Is ₹15,000/month Possible? Sample Estimate & Conditions
To see if ₹15,000 / month is viable, consider this:
- You need a sufficiently large lump sum investment.
- The older you are when you start, the larger the annuity rate generally (because fewer years of payment).
- The annuity rates will vary with market conditions, interest rates, and LIC’s internal calculations at the time of purchase.
Let’s imagine a scenario:
- Suppose you are aged 60 and invest a lump sum of ₹20,00,000 in an annuity plan
- If the annuity rate (for monthly mode) is, say, 7% per annum equivalent (for illustrative purpose)
- Then 7% of ₹20,00,000 = ₹1,40,000 per year, which is ~ ₹11,667/month
- To hit ₹15,000/month (i.e. ₹1,80,000/year), you may need ~ ₹25,00,000 at that same rate (with some buffer)
So, under favorable annuity rates, ₹15,000/month is possible with a sufficiently large corpus. But it depends heavily on:
- The prevailing annuity rate LIC offers
- Your age and health
- The annuity option (life only, joint life, etc.)
- Any deductions or commission factors
Thus, ₹15,000/month is not automatically guaranteed — you must build the required corpus and pick the best annuity plan and timing.

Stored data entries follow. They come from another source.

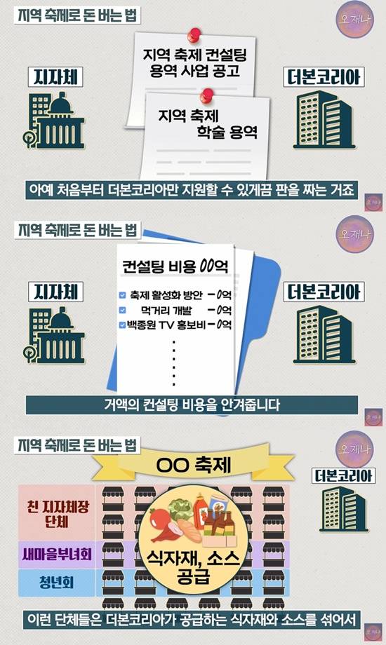 이에 대해 김 PD는 지자체와 더본코리아가 공조하는 방식을 소개했다. 그는 "지자체는 더본코리아 맞춤으로 지역 축제 컨설팅 용역 사업공고를 낸다. 다른 업체들이 지원하지 못하도록 '학술용역'이라는 카테고리로 공고를 내기도 한다. 때문에 더본코리아가 쉽게 낙찰된다"고 폭로했다.
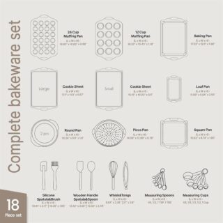 • The BAKKEN 18-piece Nonstick Carbon Steel Bakeware Set is the perfect addition to any kitchen, whether for home cooks or professionals. This set includes one baking pan measuring 17.32” x 12.6” x 1.96”, one pizza pan measuring 14.56” x 12.99” x 0.78”, one small cookie pan measuring 15.15” 10.03” 0.60”, two round pans both measuring 10.24” x 9.60” x 1.60”, a square pan measuring 10.82 8.74 1.85, one loaf pan measuring 11.69 5.94 2.55, one big cookie pan measuring 17.1” x 11.8” x 0.67”, twelve cup muffin pan all measuring 16.22” x 10.43” x 1.18”, twenty-four cup muffin pan all measuring 16.92” x 10.62” x 0.98”, wooden handle spoon, wooden handle spatula, measuring spoons measuring 1/4, 1/2, 1 tsp, 1 tbs, Measuring Cups with 1/8, 1/4, 1/3, 1/2, and 1 cup, a whisk, tongs, silicone spatula, and a silicone brush. These pans are ideal for everything from baking cookies and croissants to roasting vegetables, ensuring even heat distribution thanks to their commercial-grade carbon steel construction. The sturdy design prevents warping, even at high temperatures, making them perfect for everyday use. The nonstick coating not only ensures that your baked goods slide right off but also makes cleanup a breeze, helping you save time in the kitchen. These pans are oven-safe up to 450F, providing ample temperature resistance for a wide variety of recipes. In addition to their high performance, these pans feature a space-saving, stackable design that allows for easy storage, making them perfect for both home kitchens and professional settings. Safe for use in the oven, refrigerator, and freezer, and free from harmful chemicals. This bakeware set provides a reliable solution for all your baking needs, ensuring that every meal is prepared safely.
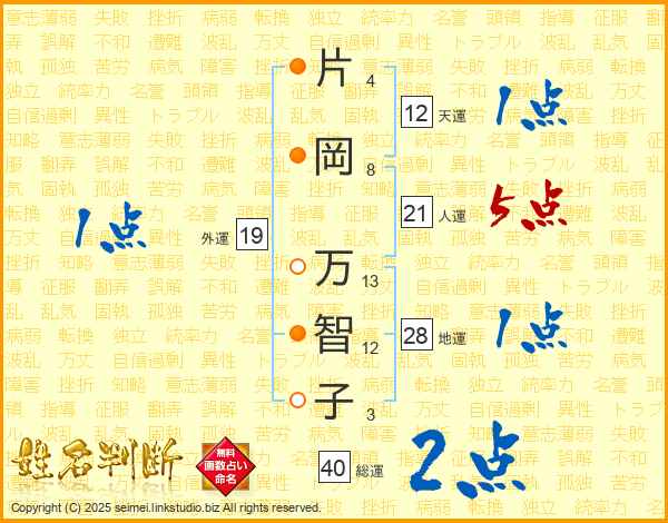 片(4画)岡(8画) 万(13画)智(12画)子(3画)
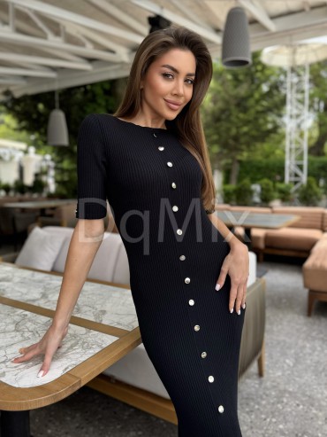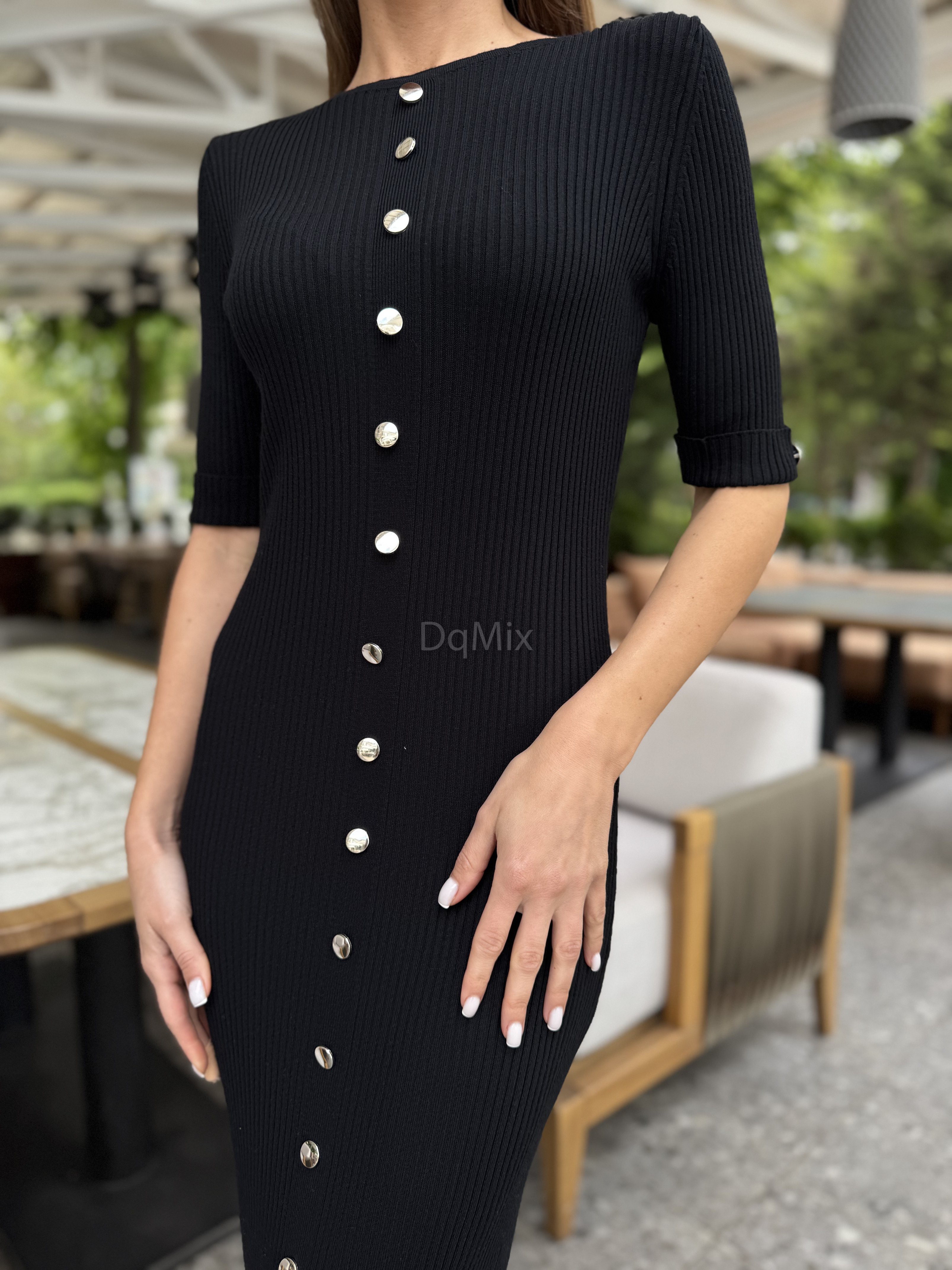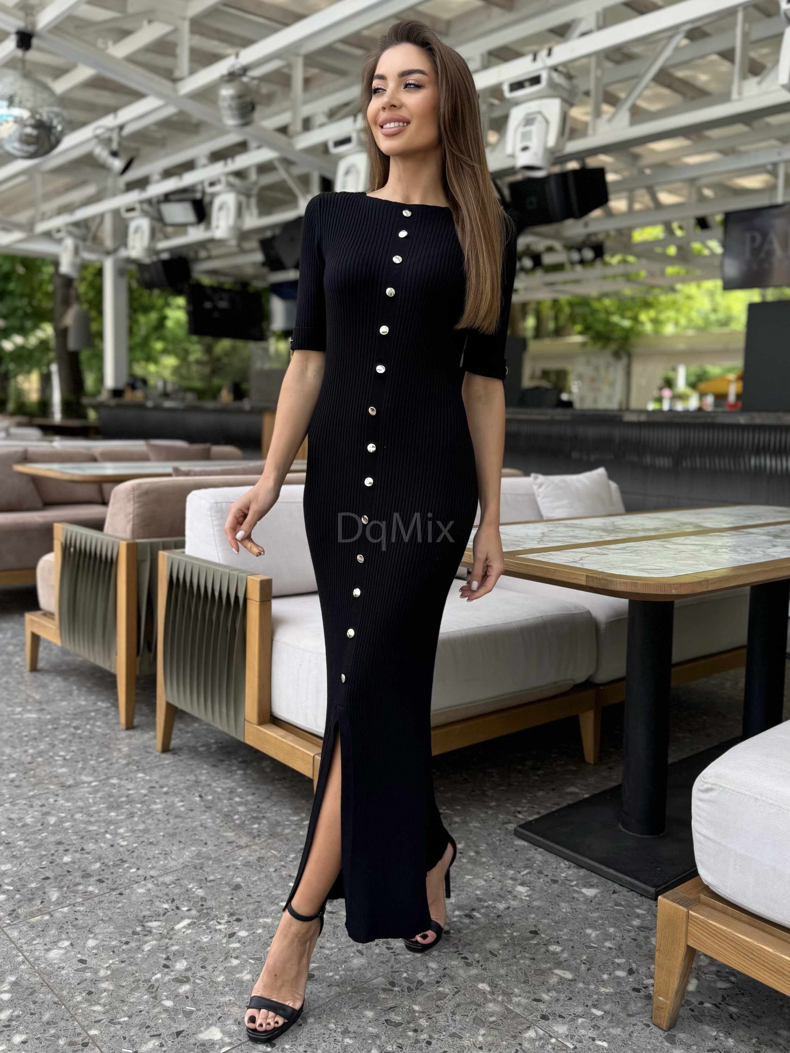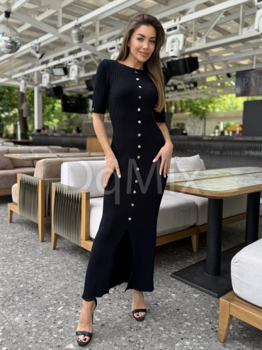 Ідеальна чорна сукня максі , розмір спереду , має трішки кльош , декорована ґудзиками (не робочі) #93355
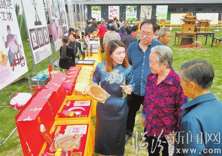 临汾新闻网讯 9月21日,侯马市“庆丰收、迎小康”农民丰收节暨首届菊花文化创意展在该市高村乡上平望村艺农菊花种植园举行。其中优质农副产品及特色文创产品展销成为此次活动的亮点。图为非遗传承人苏丽丽正在向游客介绍极具晋文化特色的中秋礼盒文创产品。
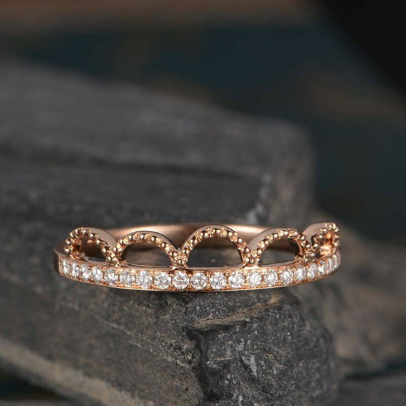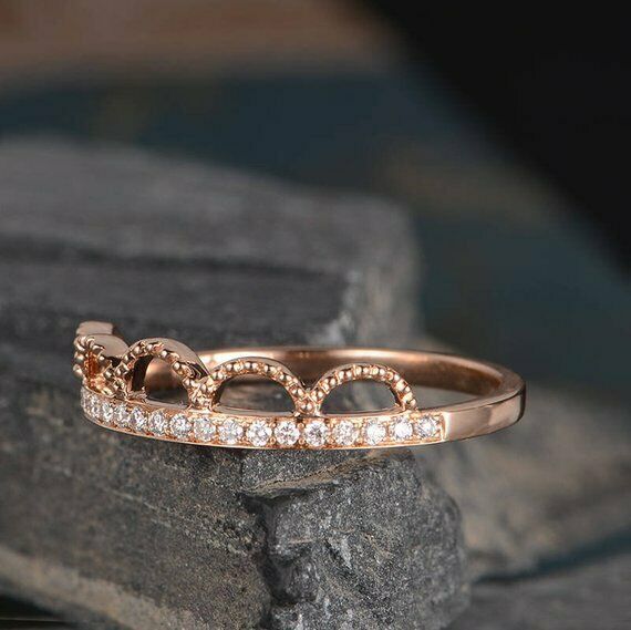 1ct Round Cut Diamond Engagement Ring 14k RoseGold Finish Milgrain Unique Design

Key LIC Pension Plans to Consider
Here are some key LIC plans you should explore:
Plan | Type / Feature | Key Benefits & Notes |
---|---|---|
LIC New Jeevan Shanti | Deferred or immediate annuity | It’s a popular annuity plan to generate lifelong income. |
LIC Saral Pension (Plan No. 862) | Immediate annuity | Pay once, get regular lifetime pension. |
LIC Smart Pension | Flexible annuity with increasing options | Offers options with increasing annuity (e.g. 3% or 6%) annually. |
Each plan has multiple annuity options (for life, joint life, return of purchase price, etc.). Choosing wisely matters.

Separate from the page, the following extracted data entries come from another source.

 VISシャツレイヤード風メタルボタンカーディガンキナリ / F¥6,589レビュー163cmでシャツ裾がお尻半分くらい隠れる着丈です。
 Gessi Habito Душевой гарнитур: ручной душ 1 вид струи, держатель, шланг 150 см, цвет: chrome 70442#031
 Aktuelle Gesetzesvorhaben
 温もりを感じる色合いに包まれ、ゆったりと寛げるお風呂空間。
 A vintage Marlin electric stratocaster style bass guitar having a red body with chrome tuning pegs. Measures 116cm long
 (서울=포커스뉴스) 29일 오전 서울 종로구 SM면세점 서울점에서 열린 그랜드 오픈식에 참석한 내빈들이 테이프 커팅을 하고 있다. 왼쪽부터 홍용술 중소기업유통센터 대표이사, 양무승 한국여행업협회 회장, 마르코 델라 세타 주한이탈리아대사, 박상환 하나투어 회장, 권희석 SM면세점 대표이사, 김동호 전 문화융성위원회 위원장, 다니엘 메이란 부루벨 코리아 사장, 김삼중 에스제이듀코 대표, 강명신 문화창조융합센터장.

Pros, Risks & Things to Check
Pros:
- Lifetime income, so no worry of outliving money
- Predictability and peace of mind
- Backed by LIC — a trusted and large insurer
- Options for annuity types, spouse benefit, return of investment
Risks / Caution Areas:
- Annuity rates may change over time, and future rates may not be as generous
- Once selected, you cannot typically change the annuity option
- If you choose a “life only” option and have no return-of-purchase-price, your family may not get anything after death
- Inflation risk: ₹15,000 today may lose value over time
- For joint-life or return-of-price options, your monthly payout may be lower compared to simple life-only option
- Premiums are taxed or annuity receipt might be taxable (consult a tax advisor)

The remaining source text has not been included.